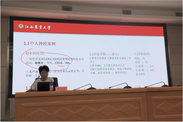 吳小波就“為什么要讀研究生”“研究生考什么”“怎么考研究生”三個方面,結合深厚的專業背景和豐富的考研指導經驗,深入淺出的進行考研全過程輔導,積極引導學生樹立合理的考研目標、鼓勵學生認真備考。隨后,動物醫學1802班熊志威以“浙江大學,我來了”為題,分享考研經驗,“干貨”滿滿。
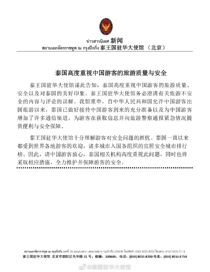 今天,泰王国驻华大使馆在声明中称,泰国已做好接待中国游客到来的充分准备,以及为中国游客增加了许多通信渠道。泰王国驻华大使馆十分理解游客对安全问题的担忧。
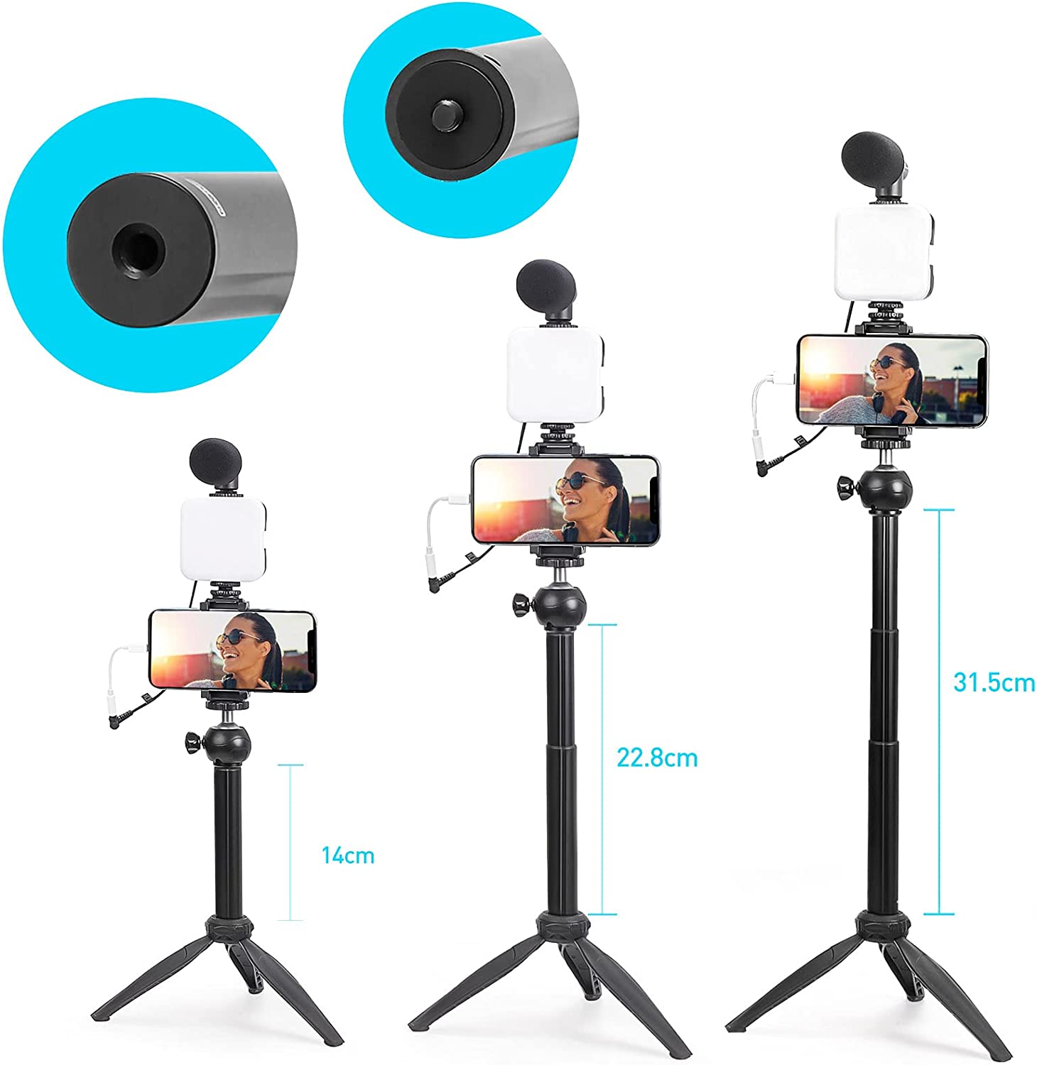 • 【Adjustable Tripod and Extension Rod】With the adjustable extension rod,the video kit is suitable for selfies,family photos and videography(length from 5.5"to 12.4":14cm-31.5cm).The handheld table tripod with a 360° swiveling ball head can help you capture from various angles,there are non-slip rubber mat on the bottom to keep the tripod stable.
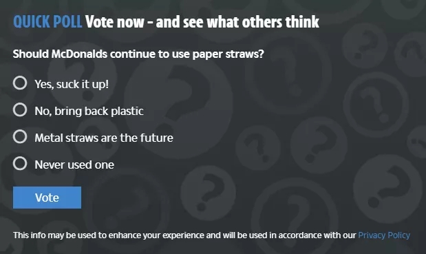 ????????當時麥當勞英國首席執行官Paul Pomroy在接受Sky News的采訪時說“現在麥當勞使用的塑料吸管其實是可回收的。但是還是有很多消費者向他們表示不滿,覺得用塑料吸管總體來說還是對環境不好。”
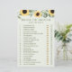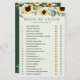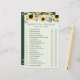 Een stijlvol en stijlvol vrijgezellenfeest gameontwerp dat ideaal is voor de toekomstige bruid in landstijl. Ons ontwerp bevat onze handbeschilderde waterverf gouden gele zonnebloemen, witte roomfloralen en natuurlijke groenheden die zijn ingericht om deze elegante landstijl te creëer. "Bride of Groom Raad wie het zei" wordt bovenaan getoond. De gouden gloed, de crème en het bosgroene kleurenpalet creëer een elegante rustige landstijl. De gele Waterverf waterverf bloemen zonnebloemen en groen lijst bovenaan. Aan de achterkant is ons complementaire waterverf gele zonnebloempatroon zichtbaar. Alle bloemen zijn met de hand getekende originele kunstwerken van de Moodthologie.
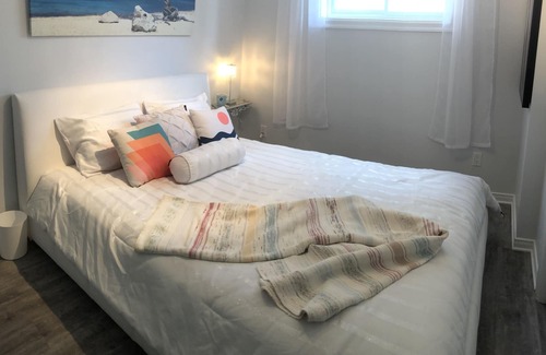Prepare a home-cooked meal in the kitchen, complete with an oven, a stovetop, and a refrigerator, as well as a coffee maker, an electric kettle, and a microwave. Connect to the free WiFi, or get cozy in front of the TV. Bathroom amenities include a hair dryer, towels, and toilet paper. And you won't have to pack extra clothes, because you'll have a washer and dryer, too. Other amenities at this 2-bedroom, 1-bathroom rental include bed sheets, an ironing board, heating, and a dining table.
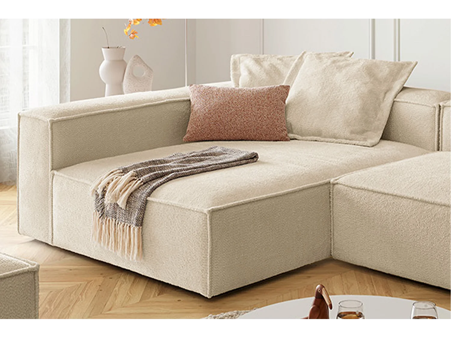 Ecksofa - Beige Flachgewebe - CARMO
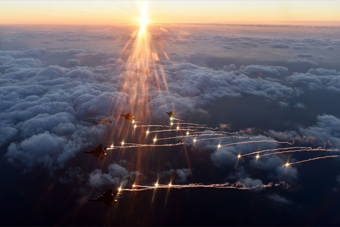 (서울=포커스뉴스) 공군 E-737 피스아이(선두)와 F-15K 편대가 2016년 새해 첫 해를 배경으로 플레어를 발사하며 기동하고 있다. <사진제공=공군>
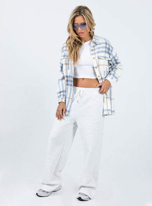 Oversized shirt Soft flannelette material Plaid print Button front fastening Twin chest pockets Single button cuff
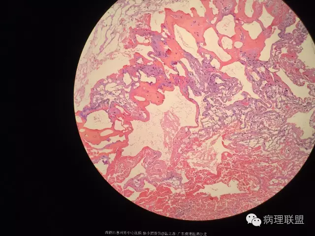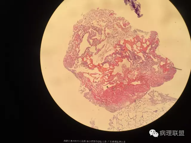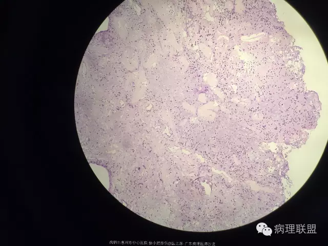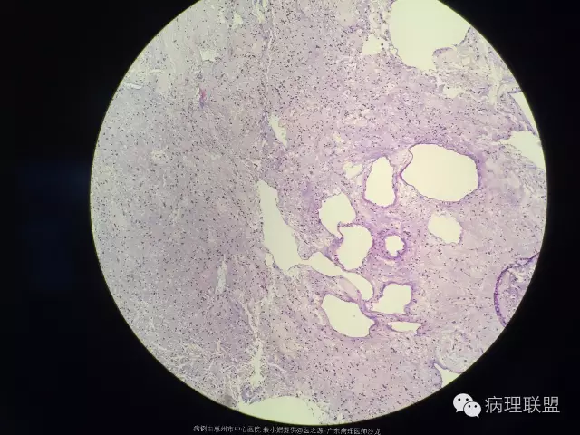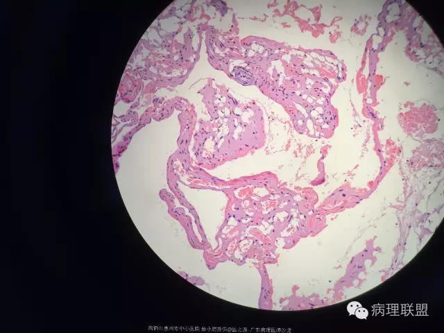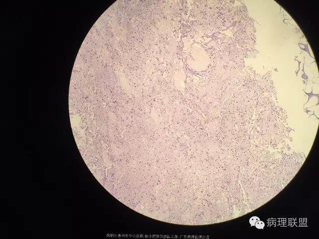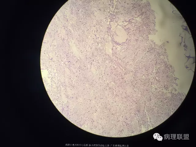 @裴小娟 惠州中心医院 不知组织改变是否已经全部展示出来?就已显示出来的部分倾向毛细胞星形细胞瘤,没有明确血管母改变,也不符合室管膜下瘤的改变。有一些变化是人为挤压或出血所致。个人意见供参考
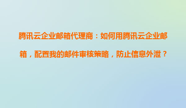 2025-10-25騰訊云企業(yè)郵箱代理商:如何用騰訊云企業(yè)郵箱配置郵件審核策略,防止信息外泄 一、為什么需要郵件審核策略? 在數(shù)字化辦公時(shí)代,企業(yè)郵箱是信息傳遞的核心工具之一。然而,員工誤發(fā)敏感郵件、惡意泄露數(shù)據(jù)...
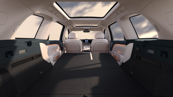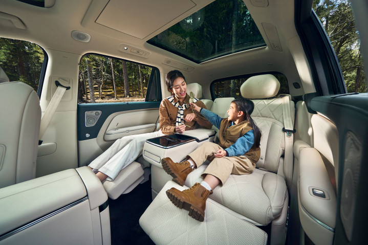 由于3090mm的轴距只需要叮嘱两排座椅,二排通说念宽度达到了前所未有的600mm,是以第二排座椅是真确真谛上不错抬升腿部的零重力联想,而绝非浅陋的大角度靠背放倒、加上腿托决策。况且右侧座椅启动零重力模式之后,前排座椅也不错翻折放倒、酿成脚托,给后排右侧乘客酿成一个极其通透、庞杂的视野,这样也不错幸免影响驾驶员视野。
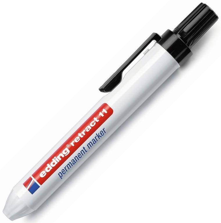 Edding 11 - klõpsuga marker Veekindel marker sobib klaasile, metallile, puidule ja plastikule. Kork ei kao enam kunagi ära - nupuvajutusmehhanism sobib ka ühe käega kasutamiseks. Välja lülitatud olekus hoiab tihend ära markeri kuivamise. Marker on ümara otsaga, joone laius 1,5-3mm.
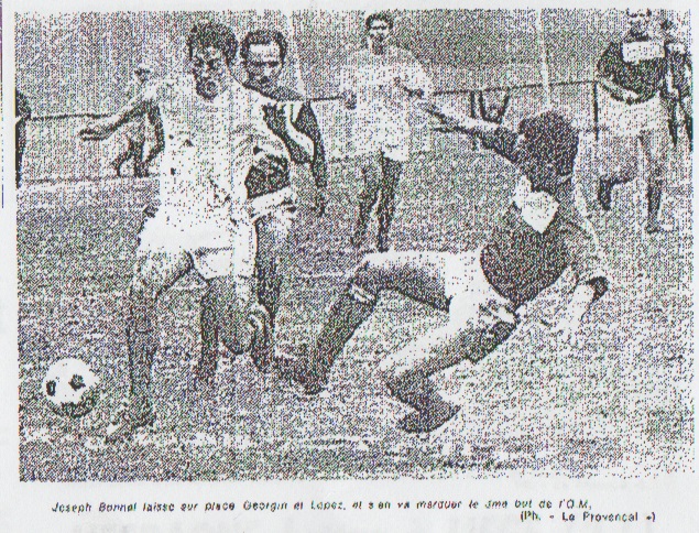 À la mi-temps on pouvait considérer que l'A.C.A avait limité les dégâts. La seconde partie du match, alors que le terrain devenait de plus en plus collant, démarrait lentement. L'entraîneur corse Muro avait fait permuter Moïse et Peretti, sans que son équipe en tire un bénéfice quelconque. Et, alors, Magnusson, longtemps oublié le long de la touche, ce déchaînait. Bonnel par deux fois Il réussissait une extraordinaire série de feintes "promenant" littéralement la moitié de l'équipe corse, et terminant son action par un centre à ras de terre. Fiawoo laissait passer la balle pour Bonnel, qui marquait de près le second but (68e). Cette réussite marquait le début d'un véritable bombardement du but ajaccien ! Iche se distinguait en repoussant coup sur coup des tirs de Fiawoo puis Joseph (70e). Il devait ensuite plonger dans les pieds de Joseph (72e). Enfin, il contrait des tirs successifs de Lopez puis de Joseph. C'est une série de corners qui allait permettre à Joseph Bonnel de signer son "hat-trick". Le coup de coin était donné en retrait par Destrumelle. Bonnel partait comme une flèche, récupérait la balle au milieu d'une défense surprise et allait, tout seul, marquer un très joli but qui déclenchait l'habituelle pluie de coussins et de programmes. Un but qui donnait au score des proportions plus exactes. La seule action insulaire dangereuse se situant à la 80e minute, lorsque Sansonetti se présenta seul devant Escale, auteur d'une très jolie parade. Louis DUPIC |

ACTION ITEM - Could you write out every line above exactly as it stands, with no images?

TASK ANSWER -
 吳小波就“為什么要讀研究生”“研究生考什么”“怎么考研究生”三個方面,結合深厚的專業背景和豐富的考研指導經驗,深入淺出的進行考研全過程輔導,積極引導學生樹立合理的考研目標、鼓勵學生認真備考。隨后,動物醫學1802班熊志威以“浙江大學,我來了”為題,分享考研經驗,“干貨”滿滿。
 今天,泰王国驻华大使馆在声明中称,泰国已做好接待中国游客到来的充分准备,以及为中国游客增加了许多通信渠道。泰王国驻华大使馆十分理解游客对安全问题的担忧。
 • 【Adjustable Tripod and Extension Rod】With the adjustable extension rod,the video kit is suitable for selfies,family photos and videography(length from 5.5"to 12.4":14cm-31.5cm).The handheld table tripod with a 360° swiveling ball head can help you capture from various angles,there are non-slip rubber mat on the bottom to keep the tripod stable.
 ????????當時麥當勞英國首席執行官Paul Pomroy在接受Sky News的采訪時說“現在麥當勞使用的塑料吸管其實是可回收的。但是還是有很多消費者向他們表示不滿,覺得用塑料吸管總體來說還是對環境不好。”
 Een stijlvol en stijlvol vrijgezellenfeest gameontwerp dat ideaal is voor de toekomstige bruid in landstijl. Ons ontwerp bevat onze handbeschilderde waterverf gouden gele zonnebloemen, witte roomfloralen en natuurlijke groenheden die zijn ingericht om deze elegante landstijl te creëer. "Bride of Groom Raad wie het zei" wordt bovenaan getoond. De gouden gloed, de crème en het bosgroene kleurenpalet creëer een elegante rustige landstijl. De gele Waterverf waterverf bloemen zonnebloemen en groen lijst bovenaan. Aan de achterkant is ons complementaire waterverf gele zonnebloempatroon zichtbaar. Alle bloemen zijn met de hand getekende originele kunstwerken van de Moodthologie.
Prepare a home-cooked meal in the kitchen, complete with an oven, a stovetop, and a refrigerator, as well as a coffee maker, an electric kettle, and a microwave. Connect to the free WiFi, or get cozy in front of the TV. Bathroom amenities include a hair dryer, towels, and toilet paper. And you won't have to pack extra clothes, because you'll have a washer and dryer, too. Other amenities at this 2-bedroom, 1-bathroom rental include bed sheets, an ironing board, heating, and a dining table.
 Ecksofa - Beige Flachgewebe - CARMO
 (서울=포커스뉴스) 공군 E-737 피스아이(선두)와 F-15K 편대가 2016년 새해 첫 해를 배경으로 플레어를 발사하며 기동하고 있다. <사진제공=공군>
 Oversized shirt Soft flannelette material Plaid print Button front fastening Twin chest pockets Single button cuff
 @裴小娟 惠州中心医院 不知组织改变是否已经全部展示出来?就已显示出来的部分倾向毛细胞星形细胞瘤,没有明确血管母改变,也不符合室管膜下瘤的改变。有一些变化是人为挤压或出血所致。个人意见供参考
 2025-10-25騰訊云企業(yè)郵箱代理商:如何用騰訊云企業(yè)郵箱配置郵件審核策略,防止信息外泄 一、為什么需要郵件審核策略? 在數(shù)字化辦公時(shí)代,企業(yè)郵箱是信息傳遞的核心工具之一。然而,員工誤發(fā)敏感郵件、惡意泄露數(shù)據(jù)...
 由于3090mm的轴距只需要叮嘱两排座椅,二排通说念宽度达到了前所未有的600mm,是以第二排座椅是真确真谛上不错抬升腿部的零重力联想,而绝非浅陋的大角度靠背放倒、加上腿托决策。况且右侧座椅启动零重力模式之后,前排座椅也不错翻折放倒、酿成脚托,给后排右侧乘客酿成一个极其通透、庞杂的视野,这样也不错幸免影响驾驶员视野。
 Edding 11 - klõpsuga marker Veekindel marker sobib klaasile, metallile, puidule ja plastikule. Kork ei kao enam kunagi ära - nupuvajutusmehhanism sobib ka ühe käega kasutamiseks. Välja lülitatud olekus hoiab tihend ära markeri kuivamise. Marker on ümara otsaga, joone laius 1,5-3mm.
 À la mi-temps on pouvait considérer que l'A.C.A avait limité les dégâts. La seconde partie du match, alors que le terrain devenait de plus en plus collant, démarrait lentement. L'entraîneur corse Muro avait fait permuter Moïse et Peretti, sans que son équipe en tire un bénéfice quelconque. Et, alors, Magnusson, longtemps oublié le long de la touche, ce déchaînait. Bonnel par deux fois Il réussissait une extraordinaire série de feintes "promenant" littéralement la moitié de l'équipe corse, et terminant son action par un centre à ras de terre. Fiawoo laissait passer la balle pour Bonnel, qui marquait de près le second but (68e). Cette réussite marquait le début d'un véritable bombardement du but ajaccien ! Iche se distinguait en repoussant coup sur coup des tirs de Fiawoo puis Joseph (70e). Il devait ensuite plonger dans les pieds de Joseph (72e). Enfin, il contrait des tirs successifs de Lopez puis de Joseph. C'est une série de corners qui allait permettre à Joseph Bonnel de signer son "hat-trick". Le coup de coin était donné en retrait par Destrumelle. Bonnel partait comme une flèche, récupérait la balle au milieu d'une défense surprise et allait, tout seul, marquer un très joli but qui déclenchait l'habituelle pluie de coussins et de programmes. Un but qui donnait au score des proportions plus exactes. La seule action insulaire dangereuse se situant à la 80e minute, lorsque Sansonetti se présenta seul devant Escale, auteur d'une très jolie parade. Louis DUPIC |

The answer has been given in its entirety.